Invoking Erlang Methods

Invoking Erlang methods with elixir is quite trivial:

% Accessing the is_atom BIF from Erlang.
% This is the same as `is_atom(foo)` in Erlang.
Erlang.is_atom('foo)  % => true

% Accessing the function delete from module lists.
% This is the same as `lists:member(1, [1,2,3])` in Erlang.
Erlang.lists.member(1, [1,2,3]) % => true

As there is no conversion between most Erlang data types and Elixir ones, there is no performance hit in invoking Erlang methods. The only exception are strings that are binaries in Elixir and may need to be converted to char lists in some specific erlang modules. More details were outline in the BitString and String sections above.

Finally, notice that Erlang is not a real object in Elixir, but just a proxy that is converted to erlang calls at compile time.

List and Bit string comprehensions

List comprehensions allow you to quickly build a list from another list:

[n*2 for n in [1,2,3,4]]  % => [2,4,6,8]

The comprehension is defined with the for keyword which accepts several expressions. Those expressions can be generators, as in x in [1,2,3,4], or filters:

% A comprehension with a generator and a filter
[n for n in [1,2,3,4,5,6], X rem 2 == 0]  % => [2,4,6]

% A comprehension with two generators
[x*y for x in [1,2], y in [2,3]]  % => [2,3,4,6]

There are two types of generators in Elixir/Erlang: list and bit string generator:

% A list generator:
[n*2 for n in [1,2,3,4]]  % => [2,4,6,8]

% A bit string generator:
[n*2 for <<n>> in <<1,2,3,4>>]  % => [2,4,6,8]

Bit string generators are quite useful when you need to organize bit string streams:

pixels = <<213,45,132,64,76,32,76,0,0,234,32,15>>
[{r,g,b} for <<r:8,g:8,b:8>> in pixels ]  % => [{213,45,132},{64,76,32},{76,0,0},{234,32,15}]

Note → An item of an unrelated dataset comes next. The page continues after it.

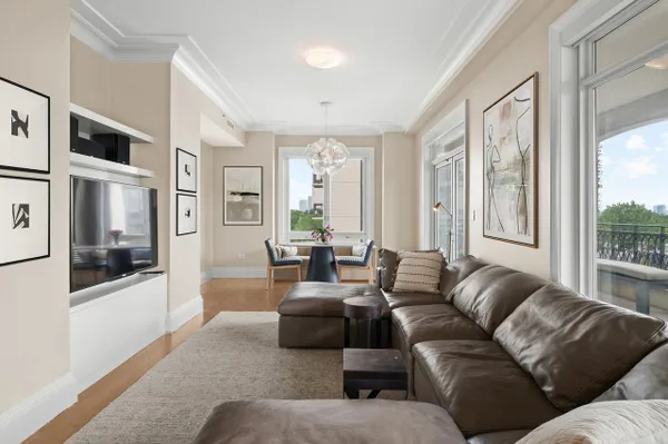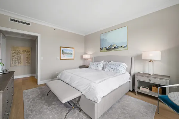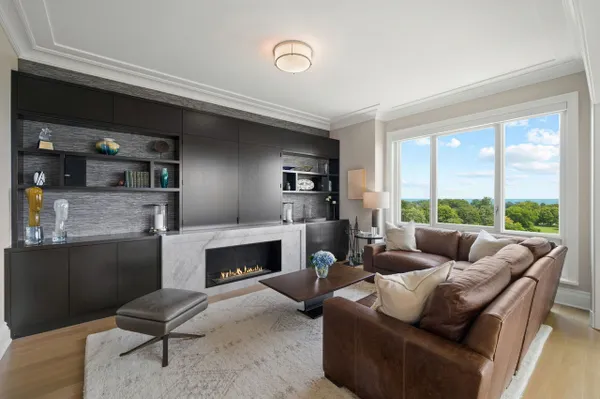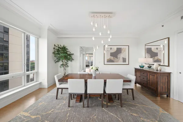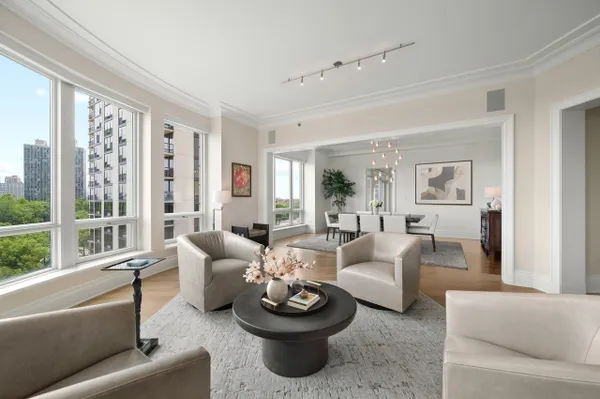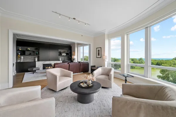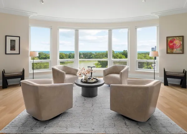 Residence S701, a Southeast corner 3 bedroom/3.1 bathroom home in the highly coveted, Lucien LaGrange-designed, Lincoln Park 2550. This remarkable home offers 4,000 square feet of thoughtfully designed living space, picturesque views from three terraces, and best-in-class amenities. Throughout the home - one of the largest in the building - floor-to-ceiling windows offer family and guests breathtaking and panoramic views of Lake Michigan, Lincoln Park, North Pond, and the Chicago skyline - views that change with the seasons and shift with the day's light. Inside the home, floor-to-ceiling windows bathe the interior spaces with light, inviting the natural beauty of the outdoors in. The focal point of the large formal living room is once again the view, this time visible through a bright wall of windows that curve the entire width of the space and amplify the 180-degree cityscape. The adjoining den and large dining room are clearly defined spaces, but are capable together of accommodating a large gathering. Sophisticated and elegant finishes are found throughout the home including the kitchen which features Caesarstone quartz countertops with island seating, customized Snaidero cabinetry and top of the line appliances including Subzero, Wolf, and two Miele dishwashers. The pass through butler's pantry adds storage, a wet bar, and temperature controlled wine storage. The south terrace, accessible from the kitchen, has gas grill hook-up and is large enough for a seated meal. Stepping off the kitchen, a comfortably sized family room provides the perfect setting for a relaxing evening or enjoy sunsets on the western terrace. The largest of the three, this 44x12-foot covered terrace overlooks the stunning manicured gardens and fountain within the 1.5-acre gated, private park. Back inside, the substantial primary bedroom is a peaceful retreat and includes its own east facing terrace, two walk-in closets, and spa-quality bathroom with dual vanity sinks, great storage, soaking tub, and an aromatherapy steam shower. Two additional bedrooms, both ensuite with private bathrooms and walk-in closets make perfect sanctuaries for family or guests. Key features throughout this large-scale home include: wide plank oak flooring, custom millwork and built-ins, smart home technology with centralized media and climate control, built-in speakers, programmable lighting, and Lutron shades. Residents of the building enjoy exceptional amenities: indoor pool with sundeck, top-of-the-line fitness center, sauna and steam rooms, movie theater, newly renovated party/event room with amazing kitchen, game and billiards room, massage rooms, on-site dry cleaner, dog run, private playground and an exceptional team of 24/7 door staff. Two large storage spaces and two parking spots with guest passes and optional valet service are included.

Remember, as strings are binaries and a binary is a special kind of bit string where the number of bit is a multiple of 8, we can also use strings on comprehensions. For instance, the example below removes all white space characters from a string:

<<c for <<c>> in " hello world ", c != $\s>> % => "helloworld"

Elixir does its best to hide the differences between list and bit string generators from you. However, there is a special case due to Erlang limitation that you need to explicitly tell Erlang that a list is being given as argument:

% This will fail because when Elixir sees that the left side
% of the in expression is a bit string, it expects the right side
% to be a bit string as well:
[n*2 for <<n>> in [<<1>>,<<2>>,<<3>>]  % => [2,4,6]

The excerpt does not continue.